We pass on 812 dogs, 93 cats

#### Accuracy: 89.72%

### Model 2: Model 4
If we use model 2, what do we pass to phase II?

    1597 dogs, 191 cats
    
If we use model 4, what do we pass to the users?

    Each actual DOG has a 0.9557467732022127 percent chance of being tagged as dog.
    Each actual CAT has a 0.654639175257732 percent chance of being tagged as dog.
    
We pass on 1526 dogs, 125 cats

#### Accuracy: 92.43%

### Model 3: Model 4
If we use model 3, what do we pass to phase II?

    1655 dogs, 853 cats
    
If we use model 4, what do we pass to the users?
    
    Each actual DOG has a 0.9557467732022127 percent chance of being tagged as dog.
    Each actual CAT has a 0.654639175257732 percent chance of being tagged as dog.
    
We pass on 1582 dogs, 558 cats

#### Accuracy: 73.93%

In [101]:
model_combinations = {'Model Combination':  ['Model 1:2', 'Model 1:3', 'Model 1:4', 'Model 2:3', 'Model 2:4', 'Model 3:4'],
        'Dogs Passed to User': [1283, 653, 2498, 812, 1526, 1582],
        'Cats Passed to User': [35, 158, 211, 93, 125, 558],
        'Accuracy': [.9734, .8052, .9221, .8972, .9243, .7393]
        }

model_df = pd.DataFrame (model_combinations, columns = ['Model Combination','Dogs Passed to User', 'Cats Passed to User', 'Accuracy'])
model_df

Unnamed: 0,Model Combination,Dogs Passed to User,Cats Passed to User,Accuracy
0,Model 1:2,1283,35,0.9734
1,Model 1:3,653,158,0.8052
2,Model 1:4,2498,211,0.9221
3,Model 2:3,812,93,0.8972
4,Model 2:4,1526,125,0.9243
5,Model 3:4,1582,558,0.7393


Its clear from our results that the combination of models 1 and 2 give the highest possible accuracy. 

However, there can be a case made for models 1 and 4. While accuracy drops from 97% to 92%, the number of pictures more than doubles. The user is getting many more dog pictures for the same subscription price. 

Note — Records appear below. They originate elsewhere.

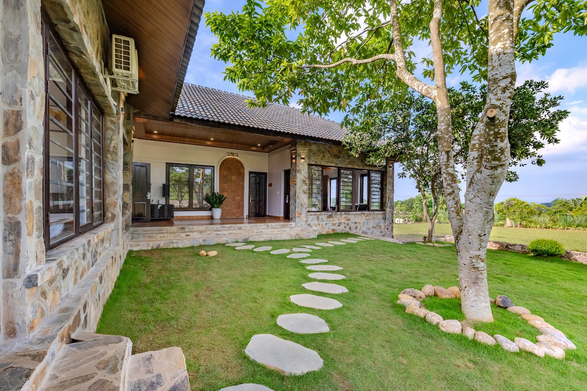 Thanh Xuan Garden Villa offers a luxury retreat set in the natural beauty of Cuc Phuong. This modern villa features three lake-view sides with a stream running through the garden, five spacious bedrooms with large glass windows and elegant bathtubs, and a private 150 m² pool. A 2000 m² garden provides space for dinners, BBQs, or boutique events. Guests enjoy free access to hot and cold mineral pools, premium sports areas, and resort bicycles. Ideal for private, peaceful retreats great escape!
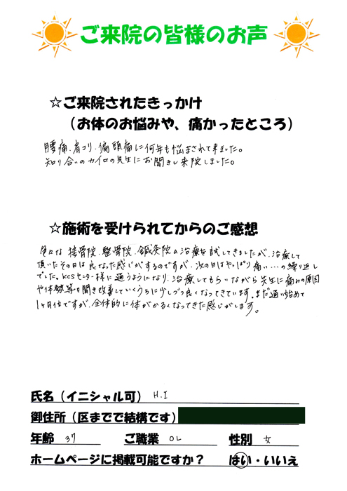 H・I 様 女性 37歳 腰痛・肩コリ・偏頭痛
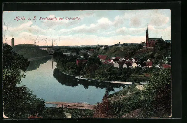 AK Halle /Saale, Flusspartie und Kirche im Hintergrund
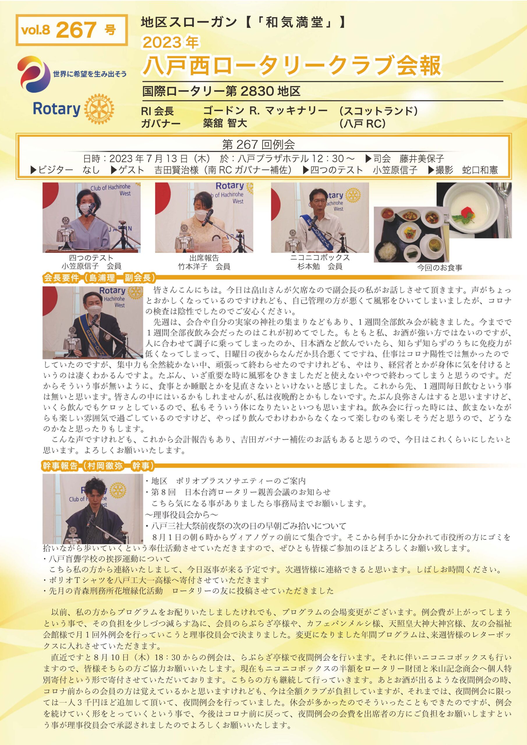267回号 八戸西ロータリークラブ会報誌
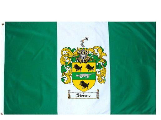 Sweeny Family Crest Flag / Coat of Arms Flag. You will receive a high quality 3' x 5' Polyester flag with two brass grommets. Proudly display your family heritage with this flag, or hang as a banner on a wall. Our flags make great gifts for birthdays, weddings, anniversaries, fathers day, mothers day, groomsmen gifts, and any other occasion
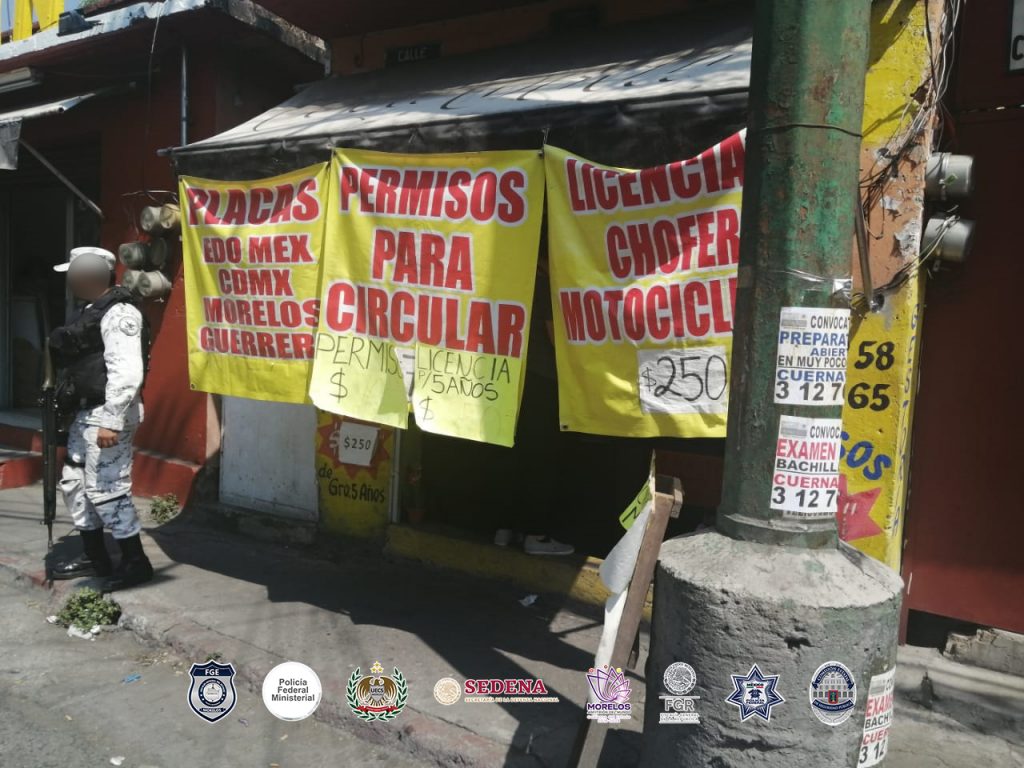 Catean 21 casas de gestoría vehicular en Cuernavaca por documentos falsos

#### Suppose you are working on a team that solely deals with cat pictures. Which of these models would you recomend for Phase I? For Phase II?

Rather than recalculating every possible model combination for cats, lets consider what characteristics made the combination of models 1 and 2 the most accurate overall.